Historically, the Company has funded its operations primarily through the sale of common stock and convertible preferred stock, the issuance of warrants, the issuance of long-term debt, and license agreements.

On September 4, 2025, the Company entered into an Omnibus Amendment Agreement (the “Amendment”) with Royalty Sub (as defined below) and with entities managed by HCR (as defined below). Pursuant to the Amendment, Royalty Sub received an additional payment of $ 2.9 million, representing $ 3.0 million to which the Royalty Sub was entitled, less $ 0.1 million of transaction expenses, from HCR, which Royalty Sub then paid to the Company in exchange for the remaining assets related to the Company's SCS Microinjector technology. See Note 5 for further details.

On February 6, 2024, the Company entered into a securities purchase agreement with institutional investors and an existing stockholder, pursuant to which the Company issued and sold, in a registered direct offering (the “Registered Direct Offering”): (i) an

7


aggregate of 740,740 shares of its common stock; and (ii) warrants to purchase up to 740,740 shares of common stock (the “Warrants”). The combined purchase price of each share and accompanying Warrant was $ 20.25 . The exercise price for the Warrants is $ 24.30 per share. The Warrants are currently exercisable and will expire on August 9, 2029 . The net proceeds to the Company from the Registered Direct Offering were $ 13.9 million.

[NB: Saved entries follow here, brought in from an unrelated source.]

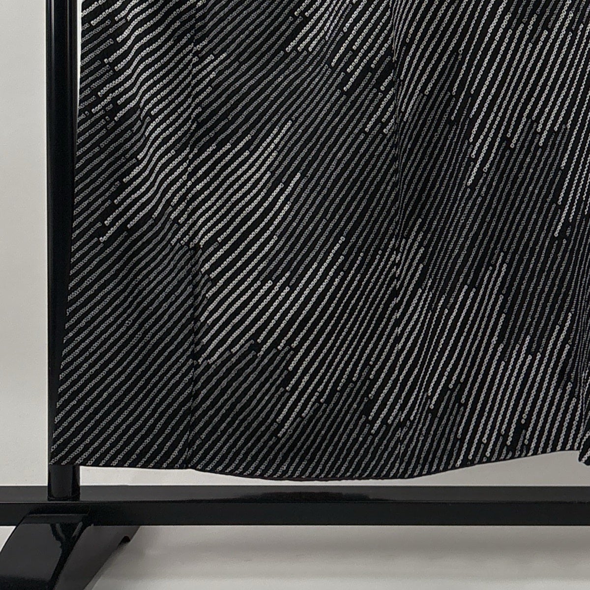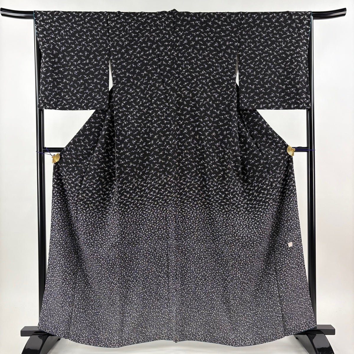 付下げ 身丈162cm 裄丈65cm M 袷 扇面 桜 刺繍 銀通し 黒灰 正絹 秀品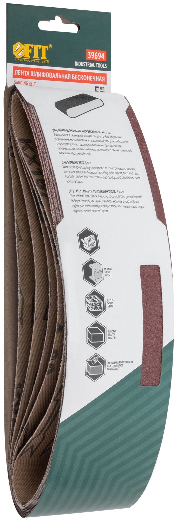 Шлифовальные ленты FIT изготовлены на основе оксида алюминия, что гарантирует их устойчивость к износу и способность работать с различными материалами. Соединение «внахлёст» обеспечивает надежность конструкции и устойчивость к разрывам даже при высоких нагрузках.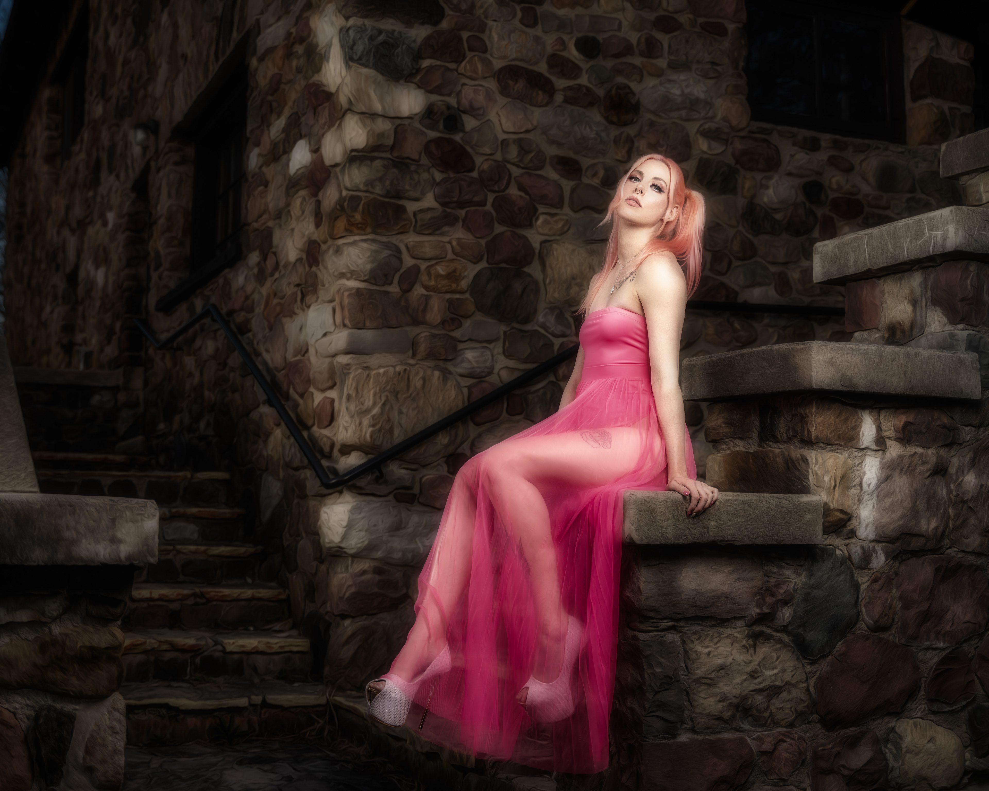 Texture dark concentrate floor with mist or fog

On January 31, 2024 (the “Amendment Effective Date”), the Company entered into a fourth amendment to the license agreement (as amended, the “Emory License Agreement”) with Emory University and Georgia Tech Research Corporation (collectively, the “Licensor”) pursuant to which the parties agreed to reduce the Sublicense Percentage (as defined in the Emory License Agreement) from a low double digit percentage to a high single digit percentage that the Company will pay the Licensor applicable to any fees or payments paid to the Company by any Sublicensee (as defined in the Emory License Agreement) of the Licensed Patents and/or Licensed Technology (each as defined in the Emory License Agreement), excluding (i) amounts paid to the Company by a Sublicensee to reimburse the Company for certain research and development costs pursuant to a written agreement between the Company and such Sublicensee, (ii) the value of intellectual property transferred or granted to the Company if necessary or helpful to the development or commercialization of Licensed Products (as defined in the Emory License Agreement) and (iii) amounts paid for shares of the Company’s stock. The payment to Licensor of any such Sublicense Percentage is due within 30 days of receipt by the Company of a qualifying payment from a Sublicensee, provided however, with respect to any qualifying payments received by the Company from a Sublicensee after July 1, 2023 but prior to January 1, 2025, the payment to Licensor of any such Sublicensee Percentage was due to Licensor by March 31, 2025. The parties also agreed to a revised annual license maintenance fee due each year (the “Maintenance Fee”) starting in 2023 through 2028, as follows: $ 0.3 million for 2023 through 2025, $ 0.4 million for 2026 and for 2027 and $ 0.5 million for 2028. The annual Maintenance Fee payments are due on October 1st of each year.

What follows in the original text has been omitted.